Thanks for the report and suggested fix! It's true that using NOT IN with a subquery can be inefficient, especially on large tables.
I actually rewritten the query using LEFT OUTER JOIN as NOT EXIST did not work as expected due to the Link table structure.
Could you check if this version of the query solves the performance issue for you?
Another function that could use similar refactor is delete_orphan_examples:
def delete_orphan_examples(self) -> None:
"""Delete examples that are not part of any dataset (session or otherwise)"""
def delete_orphans(model, link_model, link_field):
query = (
Example.select(Example.id)
.join(Link, orm.JOIN.LEFT_OUTER, on=(Link.example_id == Example.id))
.where(Link.example_id.is_null(True))
)
Example.delete().where(Example.id.in_(query)).execute()
st_query = (
StructuredExampleModel.select(StructuredExampleModel.id)
.join(
StructuredLinkModel,
orm.JOIN.LEFT_OUTER,
on=(StructuredLinkModel.example_id == StructuredExampleModel.id),
)
.where(StructuredLinkModel.example_id.is_null(True))
)
StructuredExampleModel.delete().where(StructuredExampleModel.id.in_(st_query)).execute()
While we prepare the patch, to try this out feel free to edit your local copy of db.py. One of the reasons we distribute Prodigy as pure Python is to make it easier for license holders to debug, create custom integrations, or develop complex custom recipes. I really appreciate your initiative in opening a PR—it's great to see community engagement!
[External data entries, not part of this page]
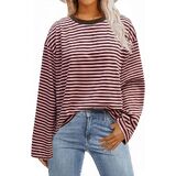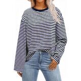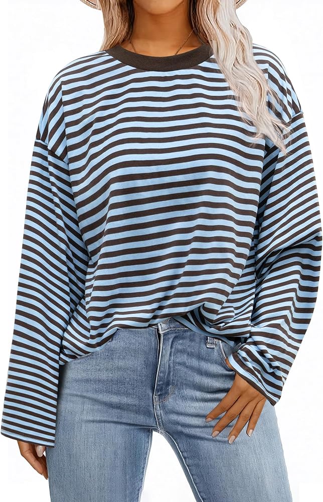 Style: Crewneck tshirts for women/Striped tshirts for women/Color-block striped women's tshirt/Women's long-sleeve tshirts/Oversized crewneck tshirt for women/Trendy tshirts for women/Crewneck tunic tshirts for leggings/Women's loose-fit tshirts/Womens tunic tops/Basic tshirts for women/Long-sleeve fall tshirts for women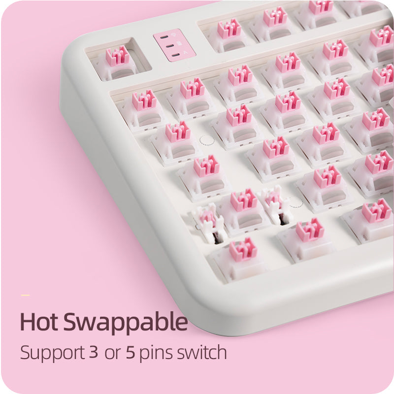 - Hot-Swappable: The keyboard is fully hot-swappable, compatible with 3-pin or 5-pin mechanical switches, allowing users to customize the typing experience without soldering.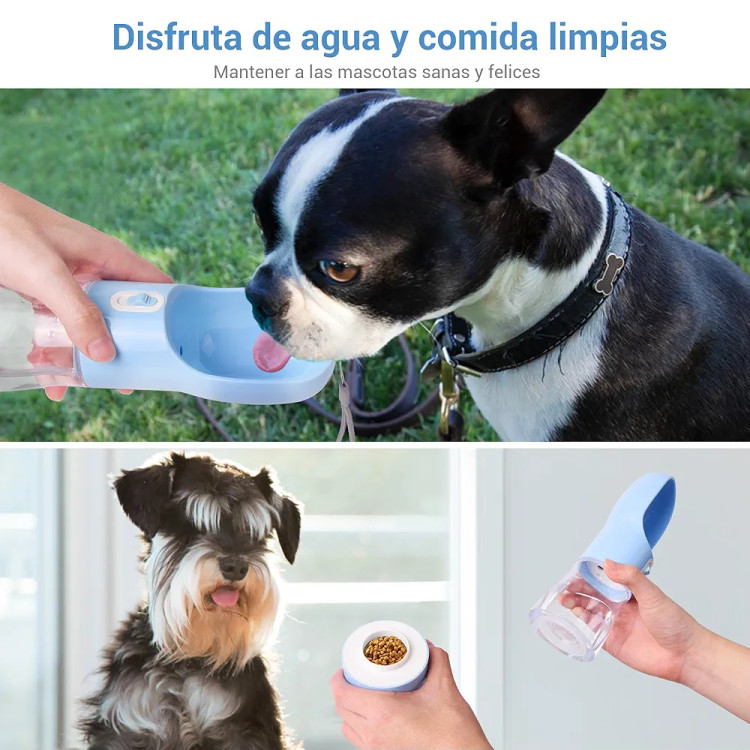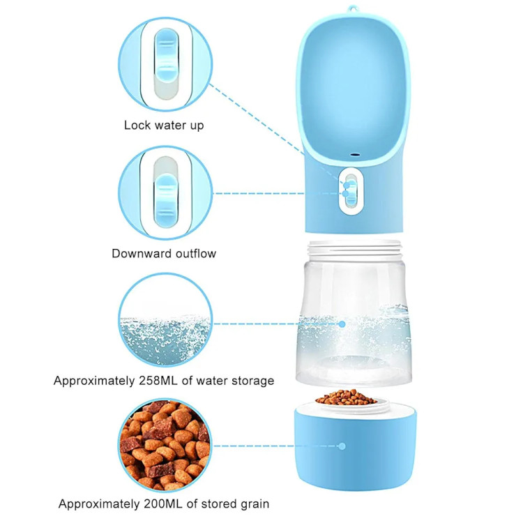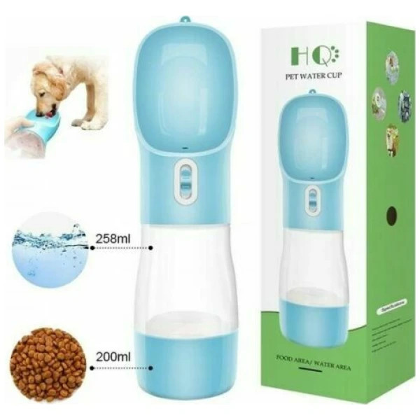 🔹 طراحی دو منظوره (2 در 1) – دارای دو محفظه مجزا در یک بطری؛ یک بخش برای آب و بخش دیگر برای غذا. این طراحی هوشمندانه تمام نیازهای آب و غذای سگ یا گربه شما را در سفر یا پیادهروی برطرف میکند.

At the same time, please keep in mind that Prodigy remains closed source under a commercial license; the code access we provide is intended solely for licensed users, not to make the software fully public. Thank you!
If get_orphan_example_ids is still hanging for anyone, it's usually because of how Postgres handles LEFT OUTER JOINs on big tables. Even with the null filter, the planner can decide to do a sequential scan if Link.example_id and StructuredLinkModel.example_id don't have the right indexes.
Adding an index to those columns usually cuts the time it takes to run from minutes to seconds.
Also, be careful when you run queries inside Python loops. For example, doing Example.id.in_(query) on a huge orphan list can use up a lot of memory.
In most cases, it's much faster to let Postgres delete things with a single SQL statement that includes the join than to get the ids in Python first.